Responsive recommendationsParticipants used a variety of techniques when discussing COVID-19 vaccinations with parents, including motivational interviewing, vaccine hesitancy frameworks, addressing misinformation and sharing their personal decisions about vaccination. Most employed proactive, rather than reactive, approaches by integrating COVID-19 vaccination status as part of standard medical history discussions or raising the topic with parents during each interaction. Many also described adopting a ‘presumptive’ approach, framing their questions as ‘when’, rather than ‘if’ the child would be vaccinated:
I had read early on that presenting it just as a presumption like, ‘So when will you get the COVID vaccine?’ rather than more of a debate, is helpful. So I sort of try to make it casual and presumptive. P29
Conversely, others spoke of using ‘collaborative’, ‘non-threatening’ or ‘gentle’ approaches, focused on understanding parents’ specific concerns and providing information accordingly:
I would say, you know, ‘I understand your concerns, there’s a lot on the internet’. Then I would try to help them filter out… what’s a medically legit concern versus something that they've heard. And I would refer to literature if they really wanted it. I would refer them to official websites, or what I consider to be reputable sources of information, and then just say, ‘let me know if you have any questions’. P25
Although participants used diverse strategies, almost all spoke of being responsive to parents’ attitudes towards vaccination and their receptivity to recommendations. They described altering their approaches to ‘push’ a little with parents who were already leaning towards vaccination or with whom they had an ongoing relationship, and not push with those who expressed opposition or seemed unreceptive.

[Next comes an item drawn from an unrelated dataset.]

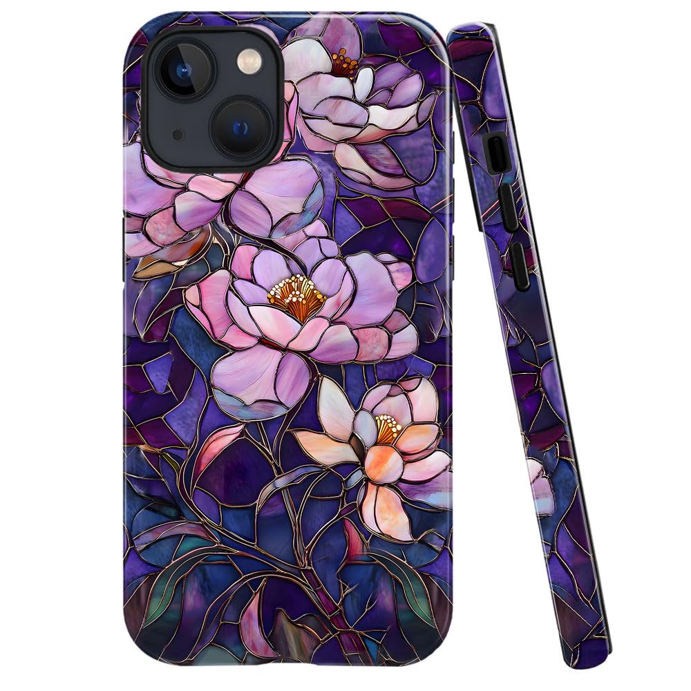 Case for iPhone 15,Fits Glossy Case Design for Girl Women,Stained Glass Flower Floral Purple

So I guess those are my two levels… for the families I [know]… I’ll be more pointed and saying, ‘what are your reservations about [the vaccine]?’… [but for parents where] they’re very, very harsh, like a hard no, I don’t, I don’t keep pushing because then I think, you risk getting into an argument. P23
Several physicians noted that it was only useful to encourage parents who were receptive, since strongly recommending vaccination to those staunchly opposed may risk an argument or interfere with other healthcare-seeking behaviours:
There’s some people who come in really adamantly against it, and… I don’t feel very effective at ever changing their minds… I spent a lot of time and many follow-up visits and I found it was very little yield. So if a parent comes like absolutely set against it, I usually just leave it… I don’t really push the discussion in those cases anymore… because I find that sometimes just leads to a more adversarial reaction, and they don’t come in for other things that they need to. P27
Further, participants noted that recommending vaccination too strongly to a patient/parent who is not receptive may damage trust:
My job is that, when they come to the clinic for that care, they feel that they can trust us, and I provide the care that is relevant to the issue. [So] if I see that there is hesitancy… I do mention to all that I do recommend [the vaccine], and it has good efficacy… [but] basically, if the conversation kind of ends there, I do not necessarily elaborate further on that. P31
Trust in healthcare providersParticipants spoke extensively about how parents’ trust in healthcare providers influenced their perceptions of the COVID-19 vaccine and their receptivity to recommendations. Almost all participants described trying to build trust with patients during vaccination conversations by being responsive to parents’ concerns or using multiple visits to answer questions and address fears. Notably, many physicians emphasised that the most effective strategy they used to build trust with parents was sharing their personal experiences of vaccinating their own children: “I find one of my strongest arguments is sharing that my young children have been vaccinated… I find it so compelling. It really switches things for patients, I think.” (P29). Participants underscored that sharing these personal perspectives and decisions as a parent fostered trust, and that parents were often more open to their recommendations as a result.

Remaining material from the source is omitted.